Saved entries
.....

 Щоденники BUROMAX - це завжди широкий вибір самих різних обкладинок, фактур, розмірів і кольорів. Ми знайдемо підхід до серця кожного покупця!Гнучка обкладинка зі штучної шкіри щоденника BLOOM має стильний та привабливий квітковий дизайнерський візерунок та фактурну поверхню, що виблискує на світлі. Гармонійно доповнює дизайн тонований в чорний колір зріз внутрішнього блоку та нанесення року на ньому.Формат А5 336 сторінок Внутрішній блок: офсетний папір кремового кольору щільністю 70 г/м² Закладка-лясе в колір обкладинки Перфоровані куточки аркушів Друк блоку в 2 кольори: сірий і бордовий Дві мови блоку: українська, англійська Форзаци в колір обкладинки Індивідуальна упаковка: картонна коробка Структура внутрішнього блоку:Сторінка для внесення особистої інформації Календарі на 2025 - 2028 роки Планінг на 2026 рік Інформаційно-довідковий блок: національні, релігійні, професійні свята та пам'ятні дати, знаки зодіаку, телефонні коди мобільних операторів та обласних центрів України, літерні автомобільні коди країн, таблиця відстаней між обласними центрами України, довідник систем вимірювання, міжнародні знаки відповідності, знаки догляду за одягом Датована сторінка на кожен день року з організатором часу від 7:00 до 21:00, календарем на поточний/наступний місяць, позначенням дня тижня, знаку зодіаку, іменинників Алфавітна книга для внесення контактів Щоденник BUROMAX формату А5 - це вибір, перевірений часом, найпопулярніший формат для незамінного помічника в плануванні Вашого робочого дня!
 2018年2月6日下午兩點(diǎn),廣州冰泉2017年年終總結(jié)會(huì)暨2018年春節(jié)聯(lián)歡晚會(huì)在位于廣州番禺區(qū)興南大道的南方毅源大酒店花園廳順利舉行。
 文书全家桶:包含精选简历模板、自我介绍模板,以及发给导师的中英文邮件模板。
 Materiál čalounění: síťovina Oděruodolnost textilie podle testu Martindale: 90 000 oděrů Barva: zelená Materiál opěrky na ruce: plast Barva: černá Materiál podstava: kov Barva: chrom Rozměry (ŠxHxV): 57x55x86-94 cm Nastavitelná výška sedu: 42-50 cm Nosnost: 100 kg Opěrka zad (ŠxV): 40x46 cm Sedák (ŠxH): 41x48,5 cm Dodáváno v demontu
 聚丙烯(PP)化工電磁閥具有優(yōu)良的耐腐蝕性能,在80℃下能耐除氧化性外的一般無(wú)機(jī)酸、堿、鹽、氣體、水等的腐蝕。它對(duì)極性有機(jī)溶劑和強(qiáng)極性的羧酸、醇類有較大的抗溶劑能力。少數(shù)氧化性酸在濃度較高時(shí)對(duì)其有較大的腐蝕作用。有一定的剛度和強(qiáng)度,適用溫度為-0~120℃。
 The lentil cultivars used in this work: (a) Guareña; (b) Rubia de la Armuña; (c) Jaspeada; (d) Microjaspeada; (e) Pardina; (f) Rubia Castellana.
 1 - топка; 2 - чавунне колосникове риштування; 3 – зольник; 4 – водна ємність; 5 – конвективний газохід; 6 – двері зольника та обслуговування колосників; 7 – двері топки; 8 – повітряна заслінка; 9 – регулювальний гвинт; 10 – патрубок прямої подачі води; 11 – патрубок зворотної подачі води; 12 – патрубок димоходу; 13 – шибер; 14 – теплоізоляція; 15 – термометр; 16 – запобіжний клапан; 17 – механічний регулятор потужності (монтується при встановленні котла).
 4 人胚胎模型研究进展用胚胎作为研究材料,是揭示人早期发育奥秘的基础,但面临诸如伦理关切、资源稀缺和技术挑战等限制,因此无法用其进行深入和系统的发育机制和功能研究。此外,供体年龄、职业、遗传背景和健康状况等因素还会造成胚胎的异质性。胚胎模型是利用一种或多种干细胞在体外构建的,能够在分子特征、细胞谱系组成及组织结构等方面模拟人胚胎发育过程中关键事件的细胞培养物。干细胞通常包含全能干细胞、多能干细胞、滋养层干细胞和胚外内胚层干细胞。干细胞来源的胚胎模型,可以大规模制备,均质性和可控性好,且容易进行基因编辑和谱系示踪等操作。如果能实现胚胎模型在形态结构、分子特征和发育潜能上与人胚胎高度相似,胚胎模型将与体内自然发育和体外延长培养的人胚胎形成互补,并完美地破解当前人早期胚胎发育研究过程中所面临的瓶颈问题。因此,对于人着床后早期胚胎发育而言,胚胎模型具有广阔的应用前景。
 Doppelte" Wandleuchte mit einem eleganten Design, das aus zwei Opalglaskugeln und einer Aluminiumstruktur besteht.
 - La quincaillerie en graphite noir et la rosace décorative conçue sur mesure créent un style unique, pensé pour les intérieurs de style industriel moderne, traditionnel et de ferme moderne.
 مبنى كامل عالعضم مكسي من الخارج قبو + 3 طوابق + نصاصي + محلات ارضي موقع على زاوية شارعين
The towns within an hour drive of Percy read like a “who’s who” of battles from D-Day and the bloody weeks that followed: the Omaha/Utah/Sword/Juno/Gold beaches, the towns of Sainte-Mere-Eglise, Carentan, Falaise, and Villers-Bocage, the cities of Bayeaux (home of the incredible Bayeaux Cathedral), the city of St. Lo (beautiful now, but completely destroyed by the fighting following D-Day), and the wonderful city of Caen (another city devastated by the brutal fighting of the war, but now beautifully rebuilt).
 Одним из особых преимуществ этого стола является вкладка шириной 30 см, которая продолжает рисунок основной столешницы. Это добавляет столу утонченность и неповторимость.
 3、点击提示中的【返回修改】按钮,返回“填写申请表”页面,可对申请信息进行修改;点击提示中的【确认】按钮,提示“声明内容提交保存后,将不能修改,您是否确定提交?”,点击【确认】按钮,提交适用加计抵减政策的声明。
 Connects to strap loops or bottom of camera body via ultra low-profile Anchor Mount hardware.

.....

→ What to work on: When the line with "Materiál čalounění: síťovina" is reached in the data above, begin copying, and stop after the line with "聚丙烯(PP)化工電磁閥具有"; copy each line exactly, both ends included.

→ Exercise output:
 Materiál čalounění: síťovina Oděruodolnost textilie podle testu Martindale: 90 000 oděrů Barva: zelená Materiál opěrky na ruce: plast Barva: černá Materiál podstava: kov Barva: chrom Rozměry (ŠxHxV): 57x55x86-94 cm Nastavitelná výška sedu: 42-50 cm Nosnost: 100 kg Opěrka zad (ŠxV): 40x46 cm Sedák (ŠxH): 41x48,5 cm Dodáváno v demontu
 聚丙烯(PP)化工電磁閥具有優(yōu)良的耐腐蝕性能,在80℃下能耐除氧化性外的一般無(wú)機(jī)酸、堿、鹽、氣體、水等的腐蝕。它對(duì)極性有機(jī)溶劑和強(qiáng)極性的羧酸、醇類有較大的抗溶劑能力。少數(shù)氧化性酸在濃度較高時(shí)對(duì)其有較大的腐蝕作用。有一定的剛度和強(qiáng)度,適用溫度為-0~120℃。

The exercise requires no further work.